3.5. Prediction of B Cell Epitopes

After performing the subtractive proteomic filters, 4 proteins were prioritized. B-cell and T-cell epitopes were predicted for all the selected vaccine candidates. The binding of antigen and antibody is necessary for making an antigen-antibody complex to stimulate the immune system. The adaptive immunity is specific in pathogen clearance [92]. Adaptive immunity converts B-cells into plasma cells that generate antibodies that recognize the pathogen on succeeding encounters [93]. These immunological responses are key in vaccination [94]. The four selected proteins—TonB-dependent siderophore receptor, two OmpA family protein, and OprD family outer membrane porin—were subjected to B-cell epitopes prediction. B-cell epitopes predicted for the mentioned proteins are in the following order: 15, 5, 4, and 11, respectively, as tabulated in Table S1. The B and T lymphocyte cells of the acquired immune cells are involved in provoking antibodies-dependent responses against invader microorganisms [95]. Thus, in this study, the final predicted B-cell epitopes were subjected to T-cell epitopes prediction. The selection of MHC-I and MHC-II epitopes [96] is based on the least percentile score as shown in Table S2. The human leukocyte antigen (HLA) system (MHC in humans) is a vital part of the human immune system. The HLA system is controlled by genes present on chromosome 6 and encode cell surface molecules that present antigenic peptides to the T-cell receptor (TCR) on T cells [97].

3.6. Epitope Filtration Phase

In the epitope filtration phase, predicted epitopes were subjected to evaluation of different checks, mainly including HLA DRB*0101 allele binding efficacy and antigenicity analysis. The HLA DRB*0101 gene is highly prevalent in the human population (95%) [98]. Epitopes of IC50 values < 100 nM for DRB*0101 were selected as they represent efficient immune responses stimulating epitopes (Table 2). The epitope filtration phase revealed all the predicted epitopes as probably antigenic, non-allergic, non-toxic, and water soluble [99], as shown in Table 2.

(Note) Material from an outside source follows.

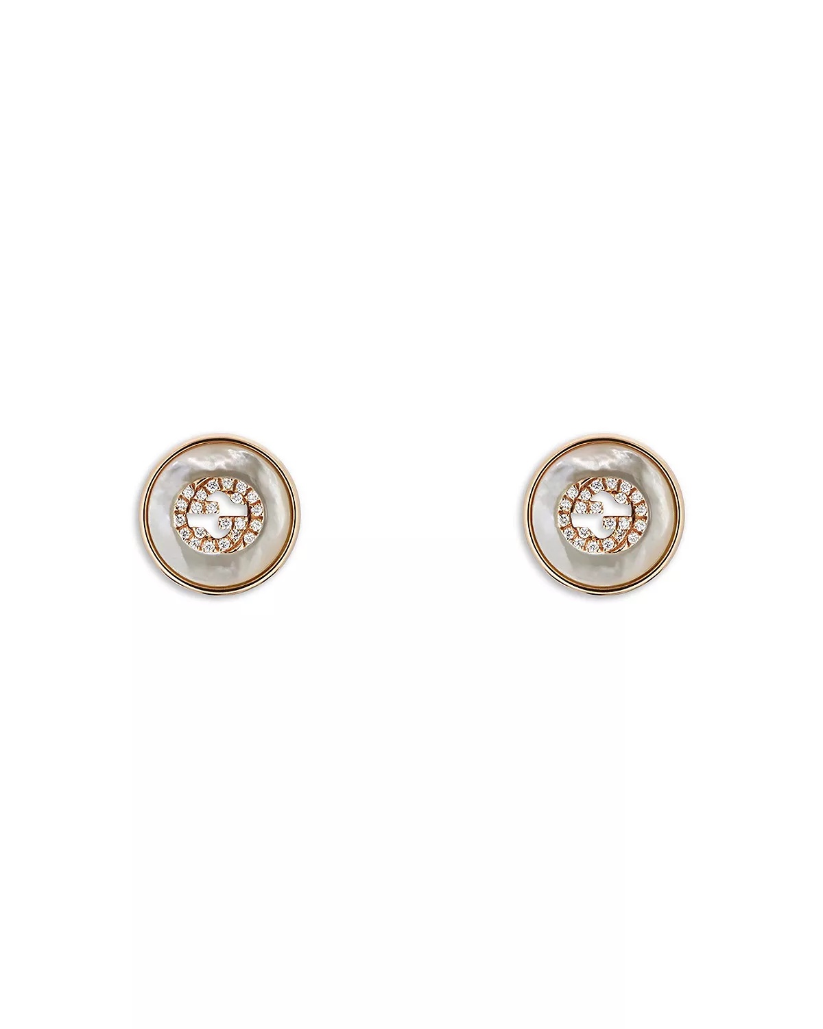 SIZE & FIT - Founded in Florence in 1921, Gucci is one of the world's leading luxury fashion brands, with a renowned reputation for creativity, innovation, and Italian craftsmanship. - Reflecting and defining the styles and attitudes of each era, Gucci has influenced fashion and culture for more than a century. PRODUCT DETAILS - From the Interlocking collection - The Interlocking G logo appears with rose gold complemented by iridescent mother-of-pearl stone and a pavé of diamonds. - Diamonds: .084 ct. t.w.; color/clarity: G/H-VVS - Mother-of-pearl - 18K rose gold - 0.5"L - Post back closure - Almost all gemstones and blue and black diamonds have been treated to enhance their beauty and require special care - Photo may have been enlarged and/or enhanced - All gemstone carat weights (ct. t.w.) are approximate; variance may be 0.05 carat. - Made in Italy Web ID: 5092472

3.7. Multi-Epitopes Vaccine Construct Designing

The issue with epitope vaccines is that they are weakly immunogenic to induce an immune response, which can be resolved by joining the epitopes to make a multi-epitopes vaccine [100,101,102]. Adjutants and linkers are used to make a multi-epitopes vaccine. In total, 17 epitopes were selected based on their ability to clear all vaccine filters and were joined together by using GPGPG linkers. These linkers keep the epitopes separate and do not allow them to fold around each other. The designed vaccine construct is shown in Figure 5. The designed vaccine stability score and half-life is 33 and 10 h in E. coli, respectively.

3.8. 3D Structure Prediction

The construct was checked for stability, and the result showed that the designed vaccine construct is stable and can be used experimentally because of its small size. Subsequently, a 3D structure was predicted and is given in Figure 6.

3.9. Loops Modeling and Refinement

The stability of the vaccine construct is very important, and to increase the stability, loops modeling was performed to design an efficient 3D vaccine. Residues involved in loop formation, including, Met1-Val8, Ala19-Gly21, Cys30-Thr36, Glu50-Ile61, Thr62-Pro74, Gly185-Ile186, gly199-Gln200-Lys207, Arg202-Pro220, Gln221-Gly227, Gly228-Pro240, and Ser240-Phe220, were selected for loop modeling.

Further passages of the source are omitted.